Share your dilemmas and get honest opinions from other Mumsnetters.

To ask if anyone else has unexplained "physic" moments

309 replies

mellowheart · 20/10/2015 13:50

I can't explain how this happens but my DH will often start singing a song that I've just suddenly thought of in my head. It's often a very obscure type song, definitely not one he's heard recently. It happens immediately after I've thought it. This has also happened with others but much more often with DH. It's like he's picking up my thoughts, itms. Anyone else get similar type things?

OP posts:
Thistledew · 22/10/2015 13:27

Maybe it is because people seem to experience these unexplained occurrences on a far more regular basis than winning the lottery? And that unlike winning the lottery, there is often no obvious connection between the two coincidental acts?

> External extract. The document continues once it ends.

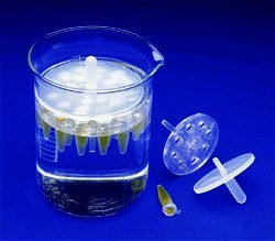 easily by pressing the rack down on a bench until the short legs touch. Fits either 1.5mL or 0.5mL tubes. Models with a hold-down pressure cap are designed specifically for incubation applications using 1.5mL tubes. The hold-down disk keeps continuous pressure on the tube caps and prevents them from opening due to internal air expansion. The rack floats and remains immersed at a constant level regardless of water level. Both Round Floating Bubble Rack styles are made of buoyant foam-filled TPX® (polymethylpentene) and are steam autoclavable at 250°F (121°C).

Very advanced physics has started to provide explanations that maybe one day could explain some of these phenomena. If one day we are able to prove the theory of parallel universes, (which is a credible, logical strand of mathematical/physic theory) then maybe one day we could come up with a theory of some sort of 'slip' between them which means that information is transferred between the same events that are happening at very slight different times.

WoodliceCollection · 22/10/2015 13:41

I had an unexpected physics moment just the other day when I accidentally touched a Van de Graaff generator.

...Wait, was that not what you were meaning?

Justmyluck1 · 22/10/2015 13:42

honestly ask for this thread to be removed

Firstly not my thread and secondly why? There are many threads on aibu that are not adversarial but helpful,cathartic or just plain funny.

Relax a bit and stop trying to tell us all how clever and logical you are.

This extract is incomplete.